Disability Accommodations
    SUNY Geneseo will make reasonable accommodations for persons with documented physical, emotional or learning disabilities.  Students should consult with the Director in the Office of Disability Services (Tabitha Buggie-Hunt, 105D Erwin, and their individual faculty regarding any needed accommodations as early as possible in the semester.

Religious Holidays
    It is my policy to give students who miss class because of observance of religious holidays the opportunity to make up missed work.  You are responsible for notifying me by September 10 of plans to observe a holiday. 
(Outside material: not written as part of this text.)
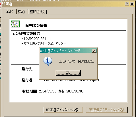 Eこれで山田行展の電子証明書のインストールは終了です。

Schedule (loose and subject to variations)

August 27    Introduction
            29    1-3.0 Chapter 1 (1-2, 3, 4, 5)
            31     3.2, 3.1

September 5 3.3
          7         4 

          10      5
          12      Chapter 2 (1, 2, 6, 7, 8)  1
          14      PS1 due

          17      2
          19      6
          21      7

          24      8
          26      PS2 due
          28    Review for exam 

October 1   exam (Chapter 1-2)
          3      1 Chapter 3 (1, 2, 4, 5)
          5      2

          10     4
          12     5 
          15      2.3 Chapter 4 (2.3, 2.4, 2.5, 1, 2)
          17      2.4
          19     PS3 due

          22     2.5
          24    1
          26    2

          29    5.1
          31    Chapter 5 (1, 2, 3, 4, half of 5) PS4 due
November 2 review

          5    exam (Chapter 3-4)
          7    2
          9    3 

          12  4   
          14  5 (up to exercise 5.34)   
          16  Chapter 6 (1, 2, 4, 5)  1

          19   PS5 due

          26  2
          28  4 
          30  5

          3   Chapter 7 (1, 2) 1
          5   2

          10      Review, PS6-7 due, Final Project due

Friday, December 14 8-11a  Final Exam (half 5-7, half 1-4) (maybe 8:30-11a? 8-10:30a? 8:30-11:30a?)